Greater Niagara Newspapers
SUNDAY SNAPSHOTS
APRIL 15, 2007

THE NACC: Stitched



Stitched Panoramic Portraits
by James Neiss
neissj@gnnewspaper.com

- Click on Images Below for Virtual Tour -

LISA SURACE
LISA SURACE
Lisa Surace of the Bravo Studio with students Cullen Ball, 12 and Gabrielle Markle, 19, has a thriving business giving voice and music lessons. Surace said, she enjoys the diversity of tenants at the Niagara Arts Cultural Center and an important part of the surrounding community.

MIKE KUDELA
MIKE KUDELA
Mike Kudela is a prolific painter with a huge body of work, though only painting for about three years. As many of the tenants at the NACC do, Kudela generously volunteers his time helping with the upkeep of the building. He also shares his technical skills working on the NACC website and working with youth in the computer lab.


Stitched together like these portraits, the Niagara Arts Cultural Center in Niagara Falls, NY, housed in the former Niagara Falls High School, is a patchwork of artistic people gathered together in a community of studios, offices and classrooms that combined, make something more beautiful than it's individual parts.

Greater Niagara Newspapers Chief Photographer James Neiss, an accomplished panoramic virtual tour photographer, stitched 12 exposures


to create each of these portraits that splay open the 4 walled rooms for a unique portrait.
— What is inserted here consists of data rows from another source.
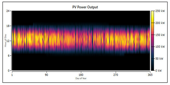 The Homer-Pro model permits us to simulate the PV power output for the complete year based on the variations of solar radiation, temperature, and clearness index. The obtained results using the Homer-Pro model are presented in Figure 5, Figure 6 and Figure 7. Figure 5 shows that the maximum produced power is 250 kW.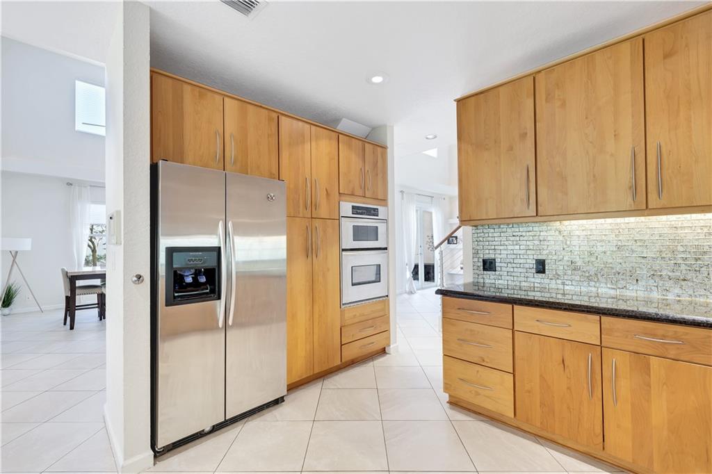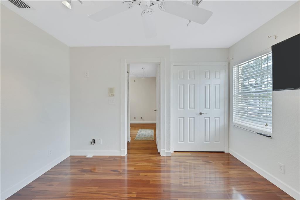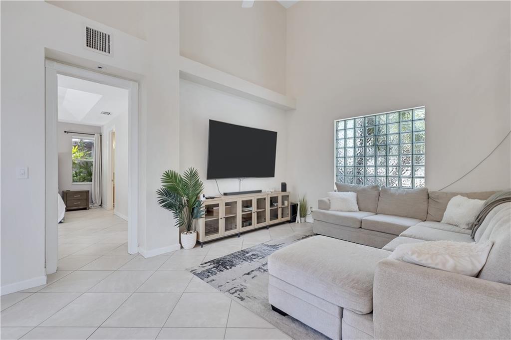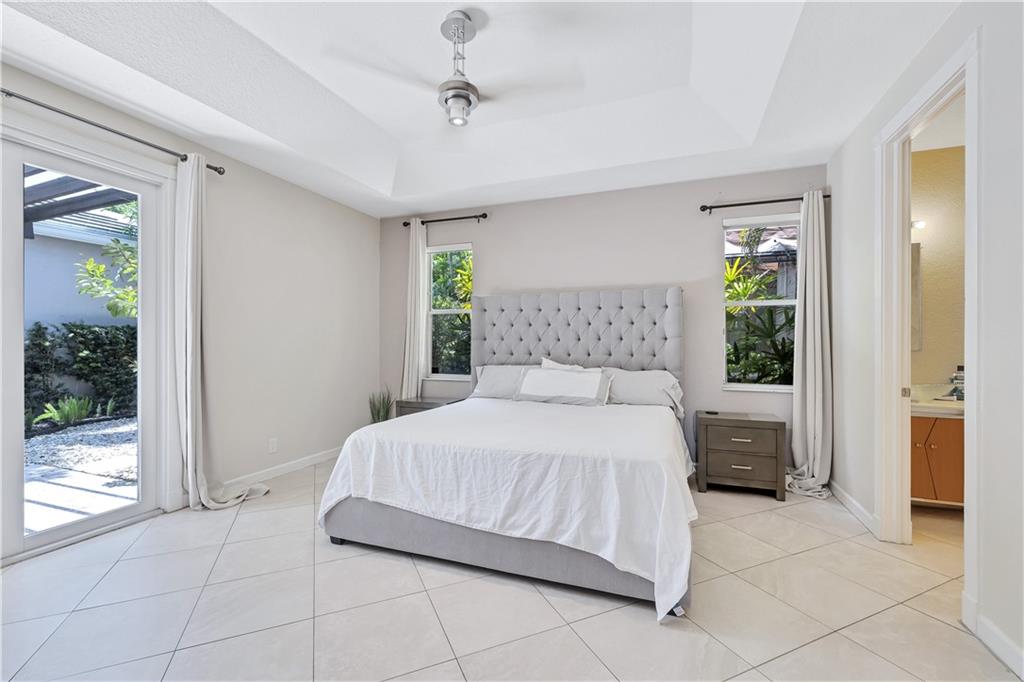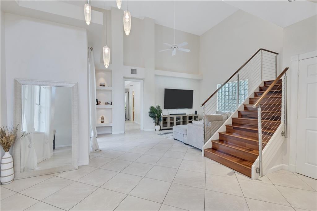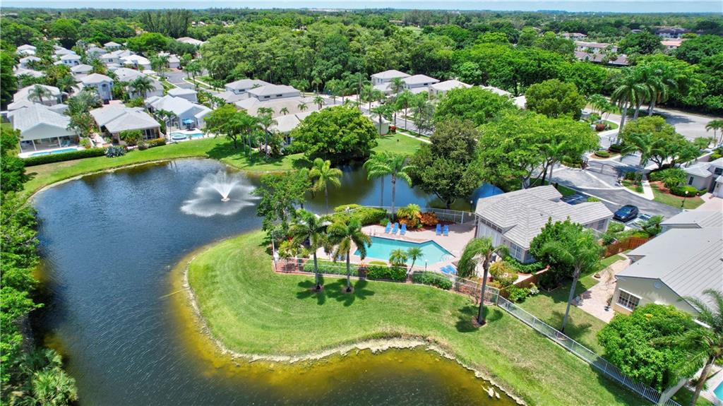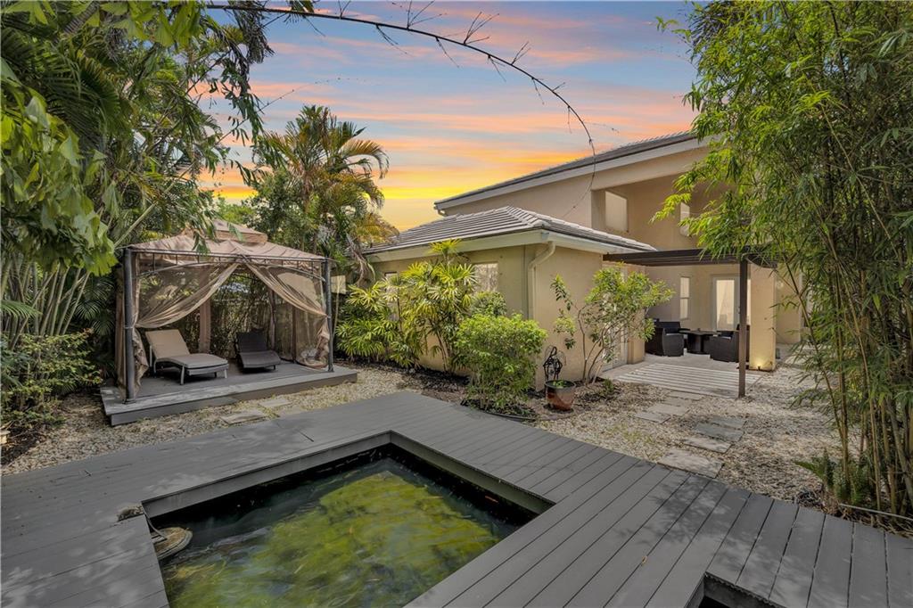 One of the best layouts I've seen in awhile. Walk into extremely high & open ceilings w/modern touches everywhere. The unique & stylish wire stair railing carries up to the 2nd floor walkway that leads you to the 2 secondary bedrms, 2nd bath, & balcony. Downstairs features a breakfast nook, formal dining, living room, & the primary suite. The primary suite's French doors open to a private zen like deck w/a relaxing fountain, gazebo & Koi Pond. The community features a gate, workout room, & pool while being located in great school districts, less than 7 miles from the beach, a quick hop on the turnpike to take you anywhere and it's low on the crime index map. **IMPROVED PRICE. NEW ROOF** Welcome home & stay friendly!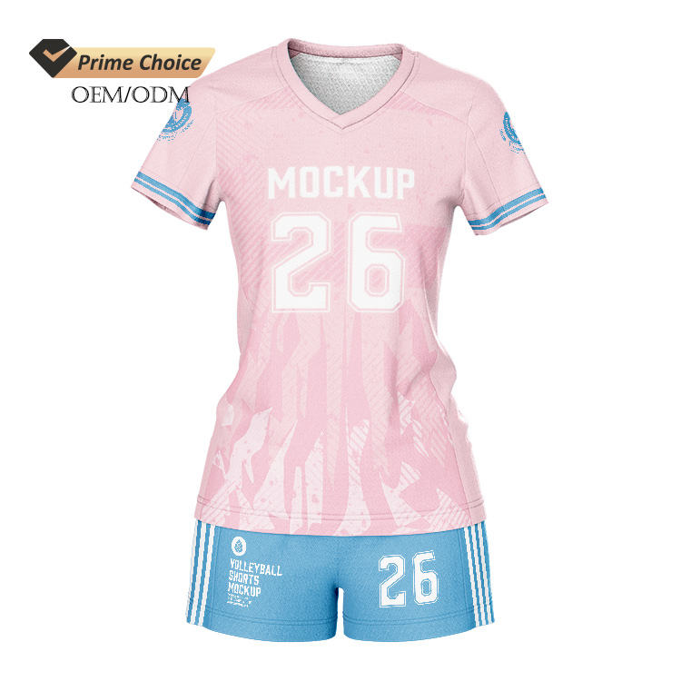 เสื้อวอลเลย์บอลแขนสั้นสำหรับผู้หญิงเสื้อทีมวอลเลย์บอลสีชมพู
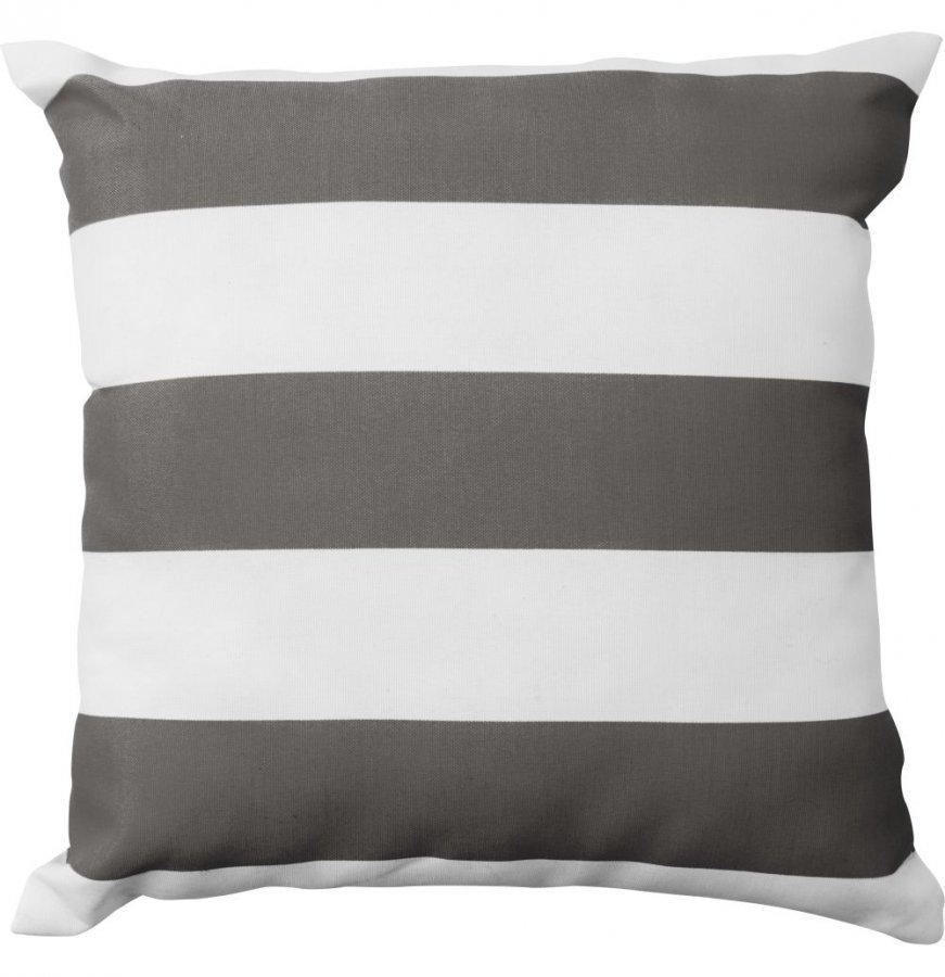 Raidallinen Tok Garden -koristetyyny esim. terassille. Materiaali on vettähylkivää polyesteriä. Koko 43 x 43 x 8 cm. Väri: harmaa.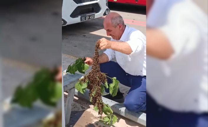 Vatandaşların meraklı bakışları altında arıları toplayan Altun, yaptığı çalışma ile paniğe son verdi. Herhangi bir yaralanmanın yaşanmadığı panik anları, çevredeki vatandaşlar tarafından cep telefonlarıyla kaydedildi.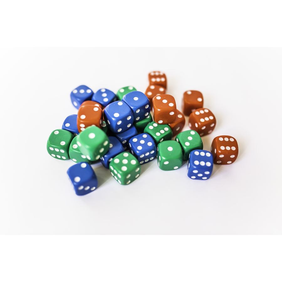 SADA HRACÍCH KOSTEK pro žáky do lavice - hrací (házecí) kostky pro žáky do lavice ve třech barvách s bílými puntíky a dostatečnou velikostí pro snadnou manipulaci. Kostky mají zaoblené rohy, aby se snadno kutálely a byl zaručen prvek náhody.

Software is then used to warp the images into an interactive environment that you can explore and listen to audio commentary from the subjects.

Clicking on these images begins your virtual tour, to look around just click and drag your mouse on the already rotating image. Be sure to check out the FULLSCREEN QuickTime versions also.

For more information on the NACC you can visit their website at www.thenacc.org. If you wish to learn more about Virtual Tour Photography, visit the International VR Photography Association website.



ALLAN JAMIESON
ALLAN JAMIESON
Allan Jamieson, director of the Neto Hatinakwe Onkwehowe, is a busy man in this 12 image portrait where he appears 3 times. When old school panoramic photographers used slit film, or rotating cameras, a person at one end, after have been scanned, had time to run to the other end and be in the image twice. Neto Hatinakwe Onkwehowe in the Cayuga language translates to "Here Lives the people" (pronounced nan-toe ha-dee-naw-qway-own-gway-hown-way) The group is a Native arts and cultural non-for profit organization formed in 1992 out of Buffalo New York that promotes Native arts, education, cultural programs and initiatives.

KAY MIRABELLA
KAY MIRABELLA
Kay Mirabella, left, started an American Sign Language class at the NACC now that her daughter, who is deaf, is attending public schools. From left are, Kay Mirabella, Amy Ciskiewic, Deion Brown, 10, Jessica Mirabella-Rupert, 10, Jena Mirabella-Rupert, 12, Keonna Brown, 8, Mary Alston, Lou DiMeo, Roseanna Granata, of Lewiston, Charlene Bush, Sophia Bush, 13, Tamaica Brewer, Robert Brewer, 9 and Shantine Brewer, 11.

BONNIE SOLEY
BONNIE SOLEY
Bonnie Soley of Kaleidoscope Designs Original Glass Art, specializes in original stained glass panels, is a painter and offers classes on stained glass making most Saturday's.

JAY CARRIER
JAY CARRIER
Nationally known Native American Artist Jay Carrier describes his style of painting as expressionist pop art and creates visions of Niagara Falls, the city he grew up in and his Native American culture.

STUDIO 300
STUDIO 300
The former Studio 300 was an amazing space created by artists Mark Heidt and Domingo Adkins who collaborated in the making of salt art.

VICTOR MARWIN
VICTOR MARWIN
Victor Marwin of Against the Grain Woodworking and Design, is a master craftsman, learning the trade at the former kittinger Furniture in Buffalo, NY.





ASSIGNMENT: THE ART OF PHOTOJOURNALISM

In September 2002, Greater Niagara Newspapers sponsored an exhibit of staff photographers work at the NACC.


How fun we thought it would be to have a show with our photos framed where you most often see them in our subscribers homes..... on the refrigerator door. The NACC leadership thought so also.

We spent over two months combing Niagara County for the coolest, oldest doors we could find and asked all our friends for their refrigerator magnets to hang our work with.

A hand full of NACC artists volunteered their time and worked with us every step

of the way to install this show, no small undertaking I must tell you.

The result was a well received showing of our work, with a touch of humor that defines our creative photo department, and a appreciation for an institution, though humble in appearance, that is made rich by the spirit of it's people.